• Task to complete:
In the entries below, begin at the line that has "(三)搭配:波点雪纺衬衫+大蝴蝶结短裤", stop after the line that has "3999 - أخبرنا", and output those lines exactly with no pictures.

• Data extracts:

——

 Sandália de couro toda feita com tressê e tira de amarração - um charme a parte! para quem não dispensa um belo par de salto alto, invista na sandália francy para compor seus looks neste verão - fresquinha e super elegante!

——

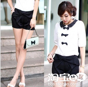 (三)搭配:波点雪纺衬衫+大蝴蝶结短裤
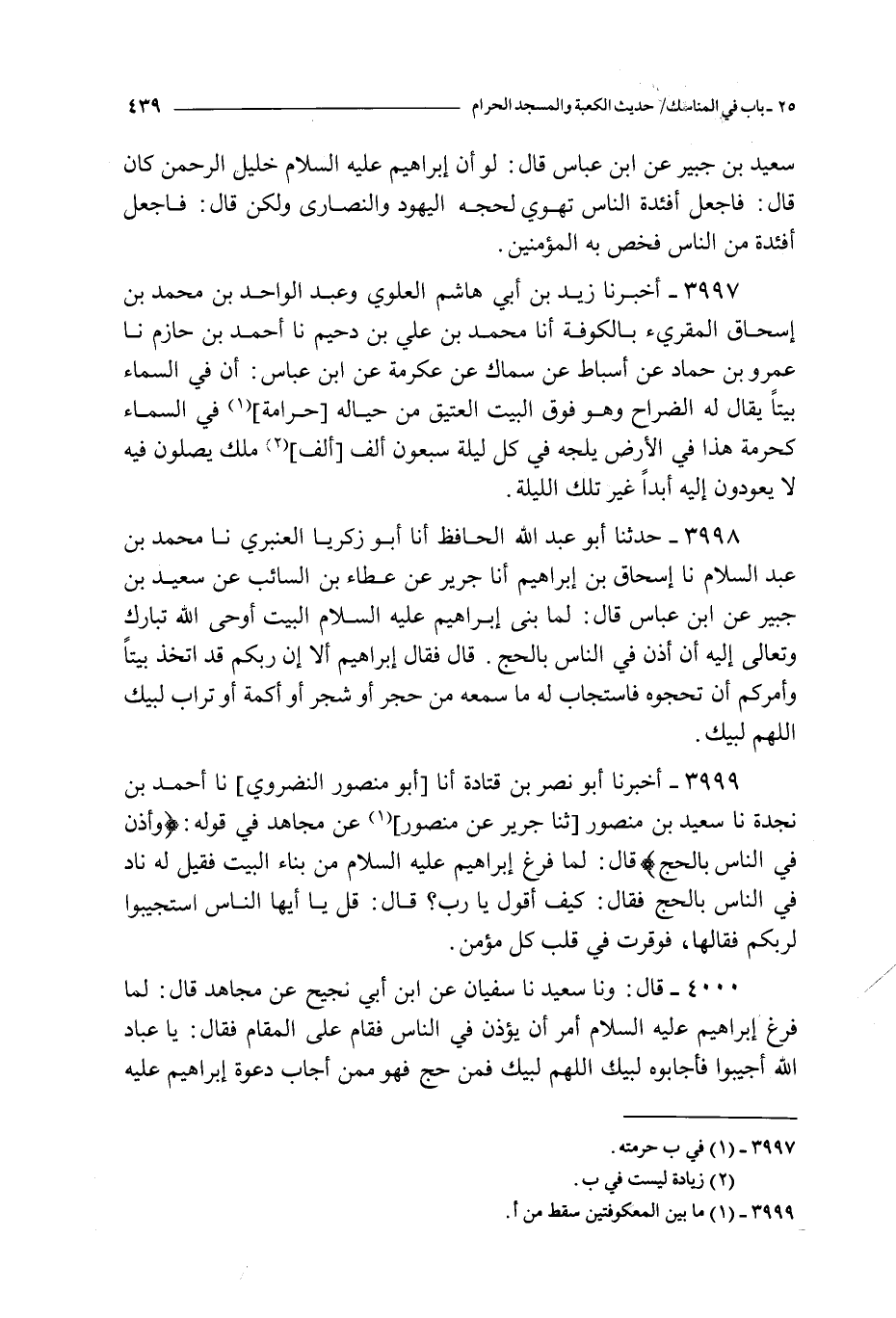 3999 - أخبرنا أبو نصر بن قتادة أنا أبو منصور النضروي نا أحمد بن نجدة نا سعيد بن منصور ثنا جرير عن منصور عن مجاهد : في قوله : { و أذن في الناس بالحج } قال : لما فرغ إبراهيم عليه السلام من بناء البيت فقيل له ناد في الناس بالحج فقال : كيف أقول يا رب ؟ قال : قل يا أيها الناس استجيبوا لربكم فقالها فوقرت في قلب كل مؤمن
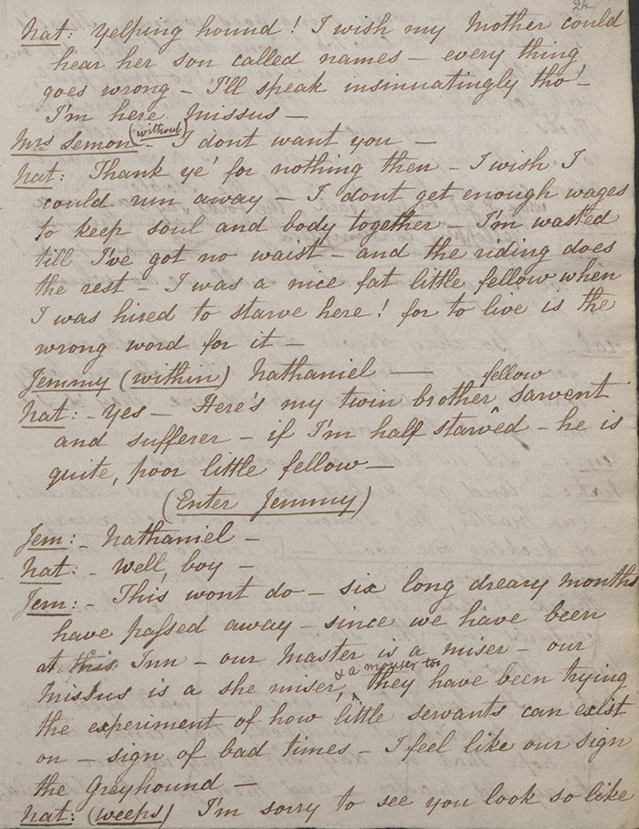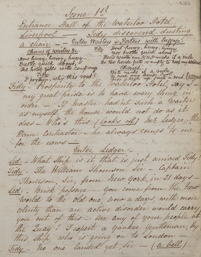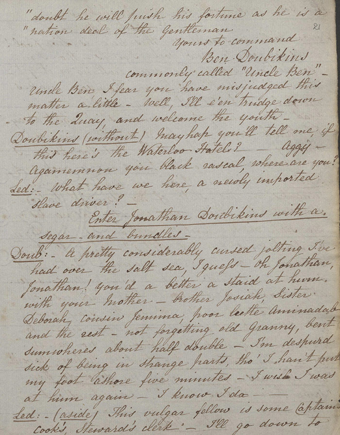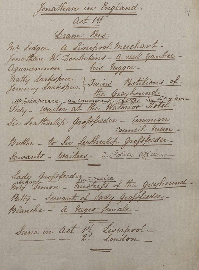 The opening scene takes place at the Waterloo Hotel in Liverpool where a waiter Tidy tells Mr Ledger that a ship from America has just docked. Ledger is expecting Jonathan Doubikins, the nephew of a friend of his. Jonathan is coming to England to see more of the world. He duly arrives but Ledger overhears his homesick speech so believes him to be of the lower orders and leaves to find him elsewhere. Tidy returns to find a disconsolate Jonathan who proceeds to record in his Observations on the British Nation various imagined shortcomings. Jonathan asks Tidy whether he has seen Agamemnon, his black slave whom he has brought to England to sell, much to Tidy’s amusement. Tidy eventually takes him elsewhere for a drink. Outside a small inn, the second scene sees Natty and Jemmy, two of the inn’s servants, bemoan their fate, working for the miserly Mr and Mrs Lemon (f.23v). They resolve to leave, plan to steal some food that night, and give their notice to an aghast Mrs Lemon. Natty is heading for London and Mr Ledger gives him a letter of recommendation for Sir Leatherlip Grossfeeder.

——

• Exercise answer:
 (三)搭配:波点雪纺衬衫+大蝴蝶结短裤
 3999 - أخبرنا أبو نصر بن قتادة أنا أبو منصور النضروي نا أحمد بن نجدة نا سعيد بن منصور ثنا جرير عن منصور عن مجاهد : في قوله : { و أذن في الناس بالحج } قال : لما فرغ إبراهيم عليه السلام من بناء البيت فقيل له ناد في الناس بالحج فقال : كيف أقول يا رب ؟ قال : قل يا أيها الناس استجيبوا لربكم فقالها فوقرت في قلب كل مؤمن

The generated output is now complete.